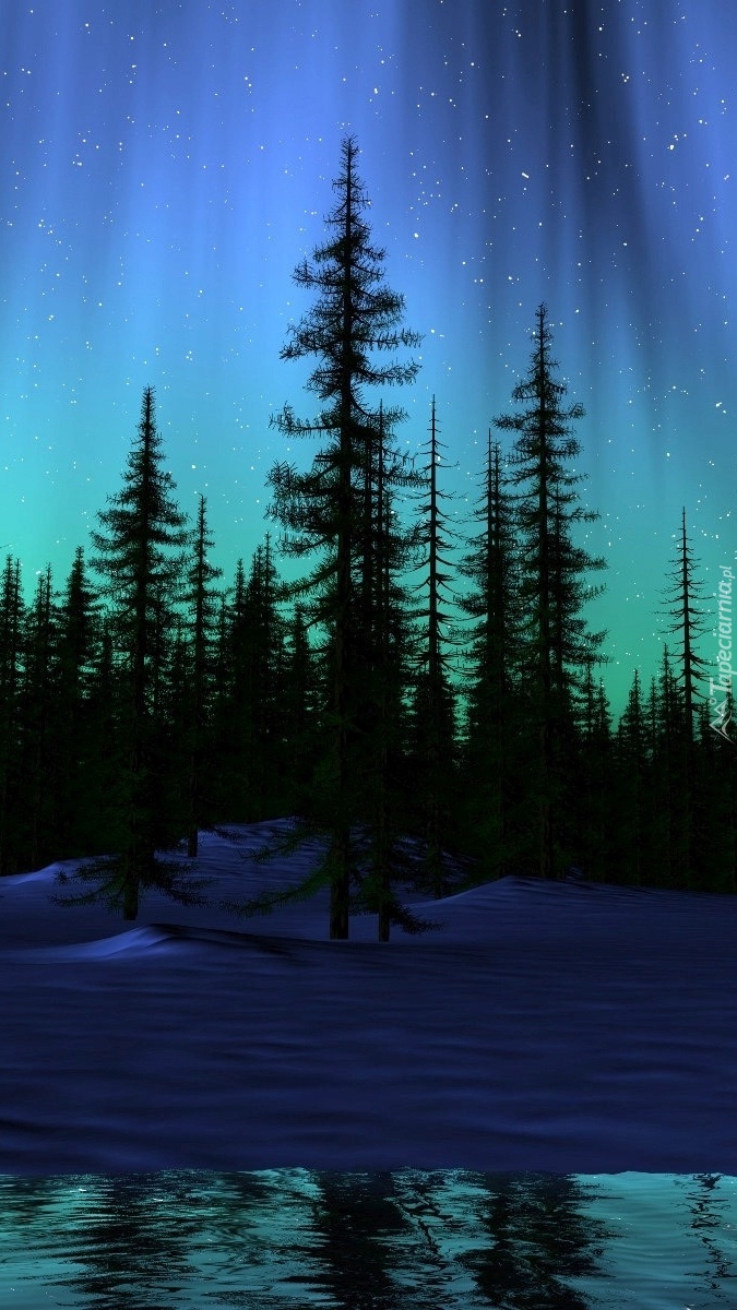 Edytor tapety: Zorza polarna nad lasem
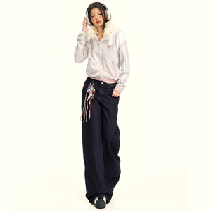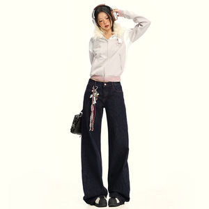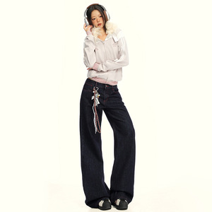 韩版撞色丹宁原牛牛仔裤直筒女秋季新款深色宽松松弛感水洗牛仔
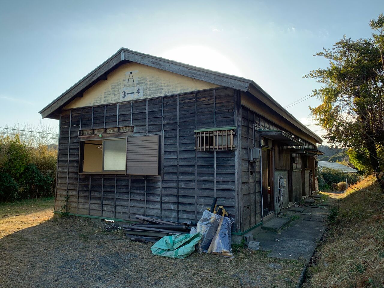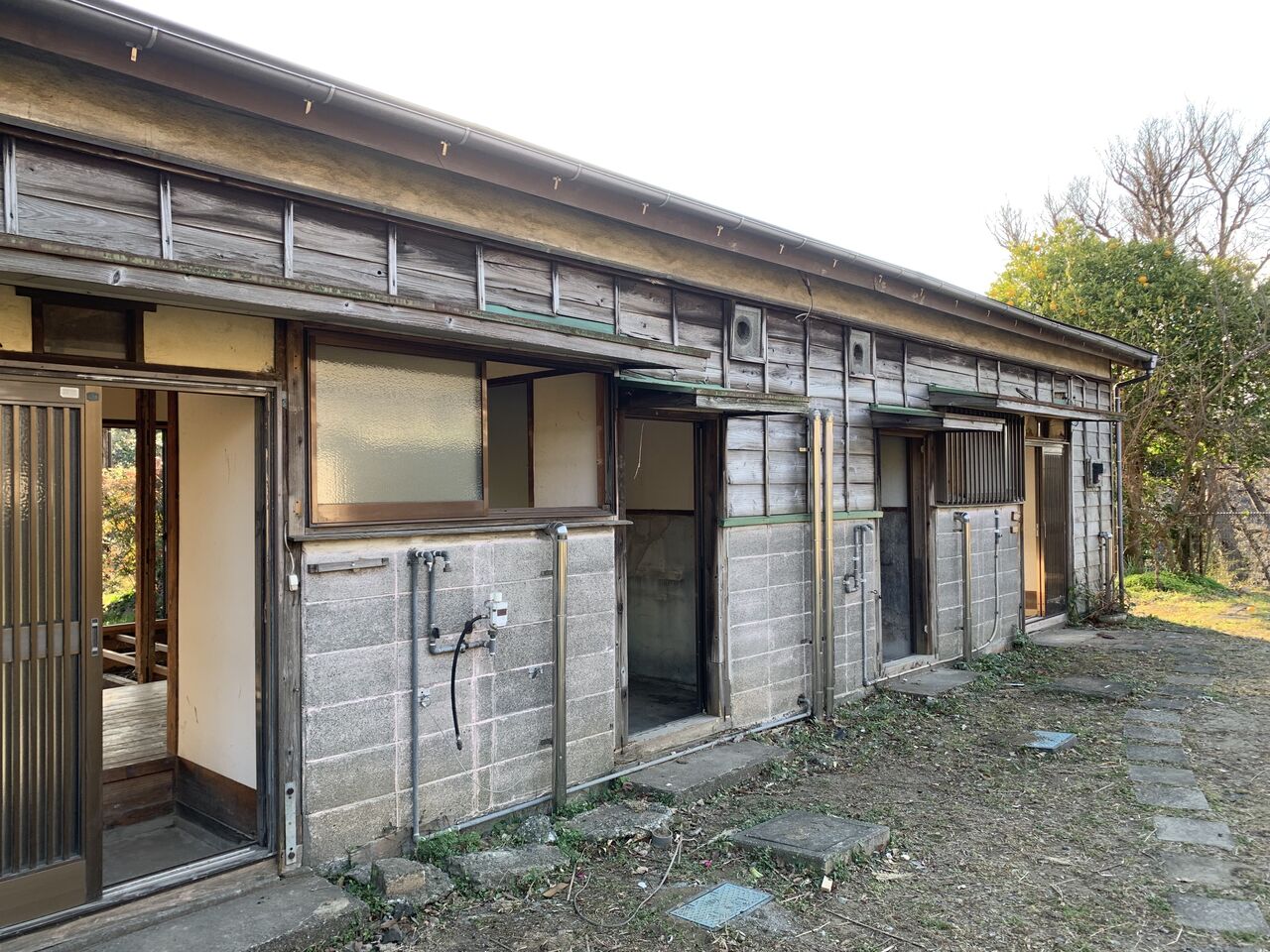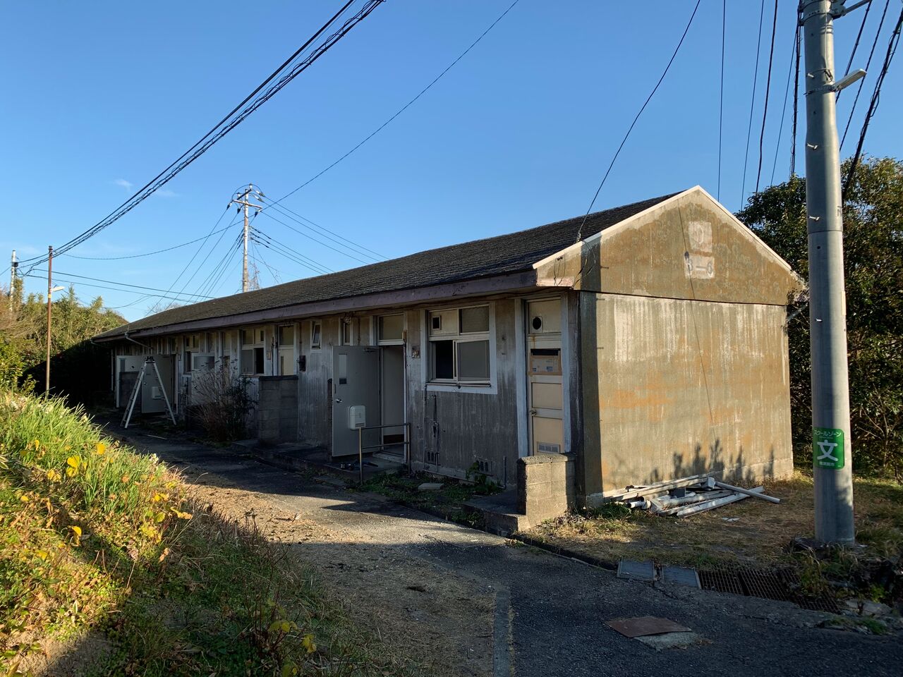 こちらはコンクリート造平屋建ての4軒長屋。この市営月見台住宅は昭和35年(1960年)に完成。2020年に廃止が決定し、2022年まで住人がおられたそうです。
____
=== What to do ===
Before you finish, make sure every line above has been repeated exactly and no picture remains in the copy.

=== Output for this task ===
 Edytor tapety: Zorza polarna nad lasem
 韩版撞色丹宁原牛牛仔裤直筒女秋季新款深色宽松松弛感水洗牛仔
 こちらはコンクリート造平屋建ての4軒長屋。この市営月見台住宅は昭和35年(1960年)に完成。2020年に廃止が決定し、2022年まで住人がおられたそうです。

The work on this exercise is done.